We further evaluated performance in predicting gene combination score by dividing testing data into three categories based on the overlap of genes and gene combinations. In the first group, C1, both paired genes overlapped between training and testing data; in the second, C2, only one gene in a pair overlapped between training and testing data; and in the third, C3, no gene overlap between training and testing data. Thus, only seven cell lines, as the testing set respectively, satisfy the splitting rule, while other cell lines as the testing set have a total overlap with the training set. We investigated the prediction performance of three models, those consisting of a multi-omics encoder + cell line encoder, a multi-omics encoder + network encoder, and all three encoders. Fig 5 shows that, in these seven cell-lines, only the multi-omics plus cell-line encoder shows comparable performance across the C1, C2, and C3 subsets.

  • It is not surprised that predictions in C1 are uniformly better than C2 and C3, as training and validation sets have totally overlapped genes in C1, which C2 and C3 have only partial or no-overlapping genes.
  • When training and validation sets have overlapping genes in C1, models with all three encoders, multi-omics, cell line and network, have the best performance.
  • When training and validation sets have partial or non-overlapping genes in C2 and C3, models with only omics and cell encoders have better prediction performance than models with network encoder. In other words, network encoder makes it worse in predicting gene combination effect for new genes. This performance decline may be attributed to the network encoder based on graph topology, which may struggle to extract meaningful features for unseen gene nodes. Specifically, the network encoder relies on the protein-protein interaction (PPI) graph topology, and each node is represented by population-level gene features across all cell lines. During training, the model only observes part of the graph.
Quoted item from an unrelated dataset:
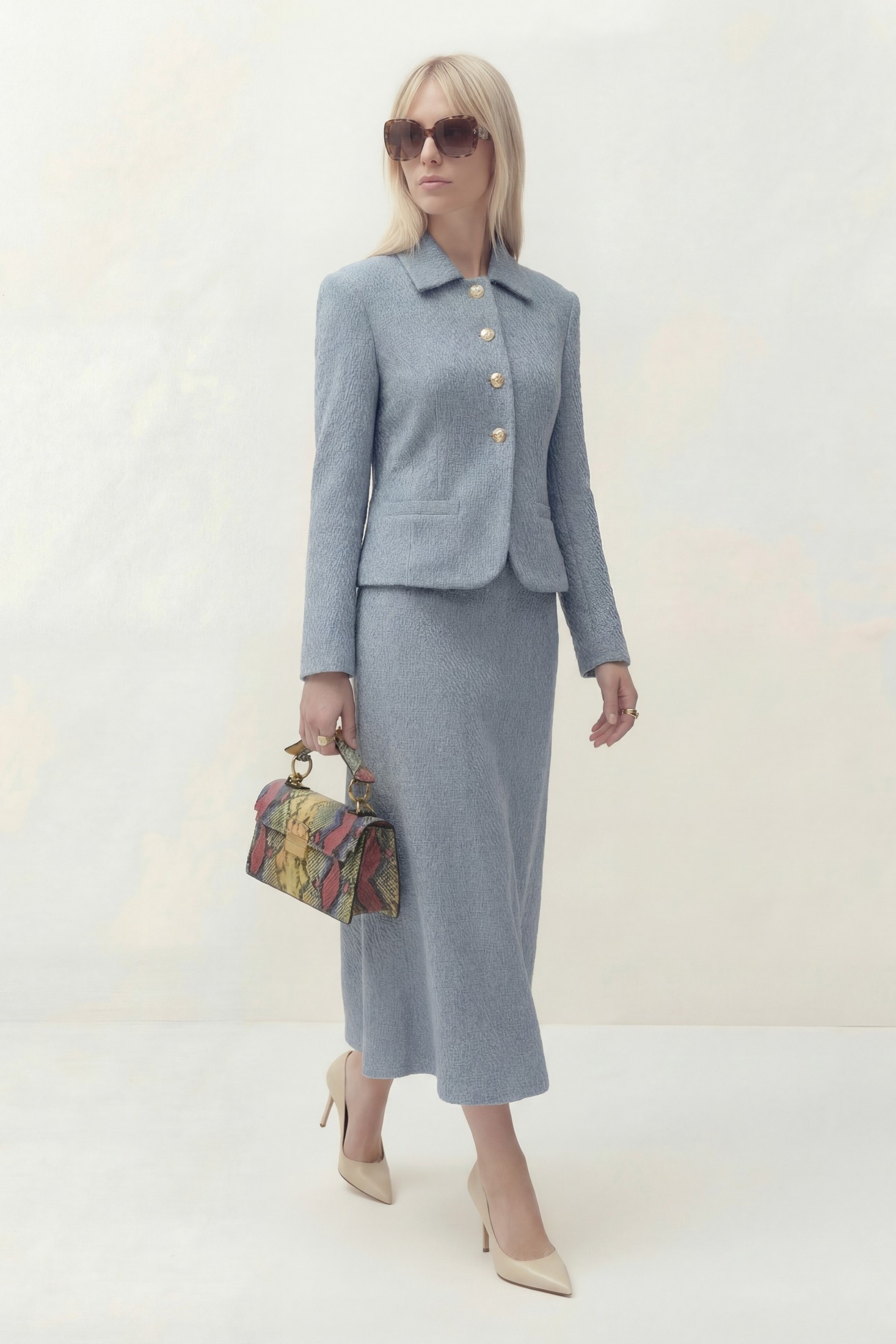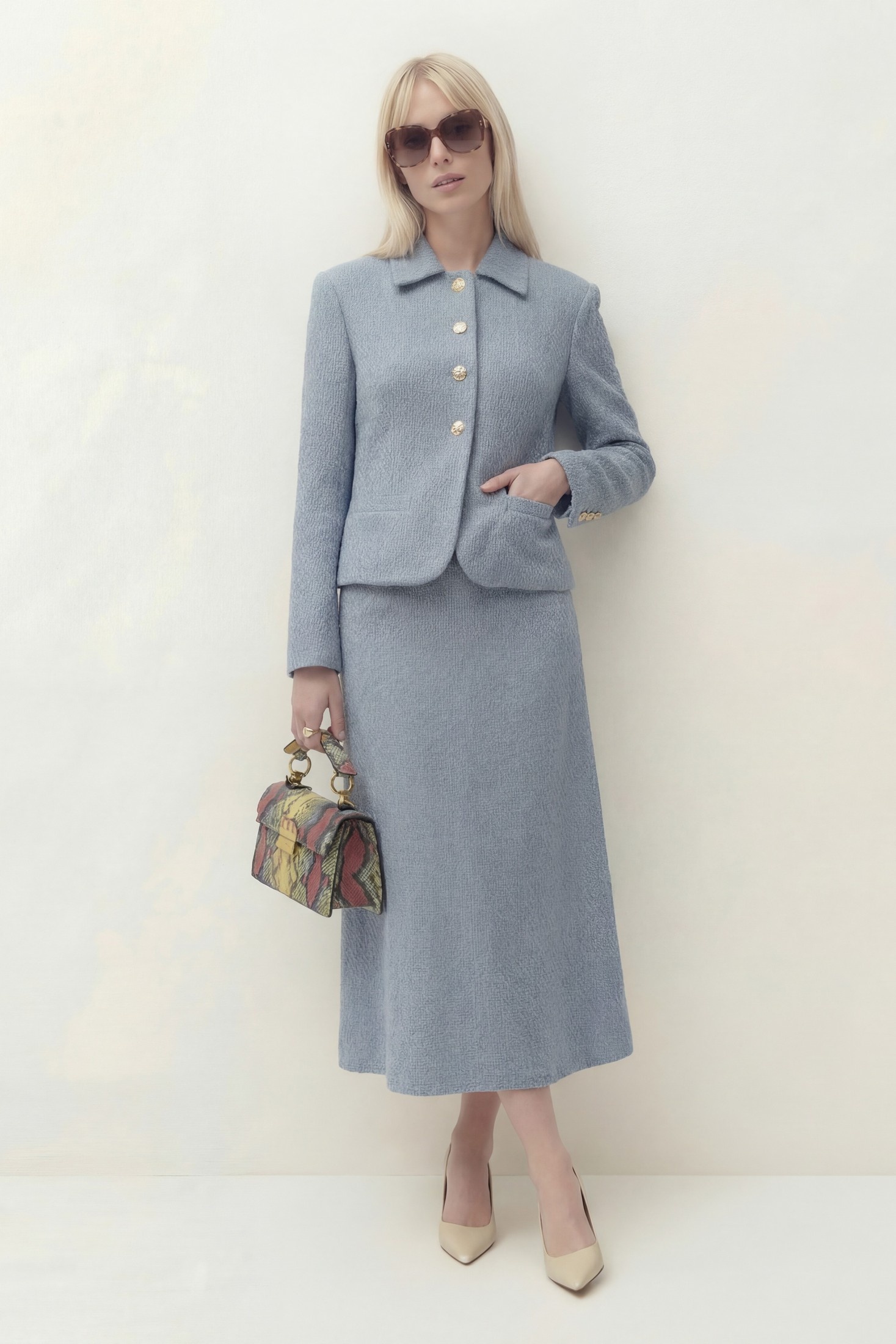Костюм с юбкой 1831 голубой Lokka идеально подходит для создания стильного делового образа. Коллекция бренда Lokka предлагает жакет полуприлегающего силуэта с рубашечным воротником и центральной застежкой на пуговицы. Практичные прорезные карманы добавляют удобства, а юбка на притачном поясе с потайной молнией дополняет элегантный комплект. Изделие выполнено из полиэстера и хлопка с добавлением спандекса, что делает его прочным и комфортным в носке. Голубой цвет костюма подходит для любого сезона и подчеркивает свежесть вашего образа.

As a result, it is difficult for the encoder to fully capture the global structure and generalize to unseen regions of the graph, especially when new genes are connected to subgraphs or neighbors that were never encountered during training. However, for cell lines containing genes that were present in the training set, the results remain strong. As shown in Table 2, the module of multi-omics encoder + network encoder shows 3 cell lines achieve the best performance across all models, and 8 cell lines perform better than all models except the one using all three encoders. And in Fig 4A, the mean performance of the multi-omics encoder combined with the network encoder is second only to the model using all three encoders, outperforming the other models. In S1 Appendix, we used Node2Vec to generate embeddings for the PPI network nodes and added these as additional features to the node inputs. The results show that this approach benefits cell lines containing novel genes do not present in the training set, suggesting that incorporating graph topology features aid in learning representations for new genes to some extent. For more details, please refer to S1 Appendix.

Ablation Studies

We performed ablation studies to select the optimal input dimensions of the network and cell-line encoders. Fig 6A shows the results of our evaluation of three choices of dimension, 64, 128, and 256 for module multi-omics encoder + cell-line encoder and module multi-omics encoder + network encoder, clearly showing that the use of 128 dimensions led to the highest average prediction performance across 18 cell lines in both the network and cell-line encoders. Therefore, in subsequent model development, input will consist of 128 dimensions of gene profiles for the network encoder and 128 dimensions of cell-line profiles for the cell-line encoder. We then performed additional ablation studies to select the dimension of hidden layers, studying 16, 32, 64, and 128 dimensions. We also studied four prediction models: the multi-omics encoder alone, the multi-omics encoder plus the cell-line encoder, the multi-omics encoder plus the network encoder, and the three encoders combined. Fig 6B clearly shows that 32 hidden layers showed the highest prediction performance among the three models and four hidden layer dimensions, except for multi-omics encoder + network encoder. Therefore, in subsequent experiments, we will choose a 32 hidden-layer configuration.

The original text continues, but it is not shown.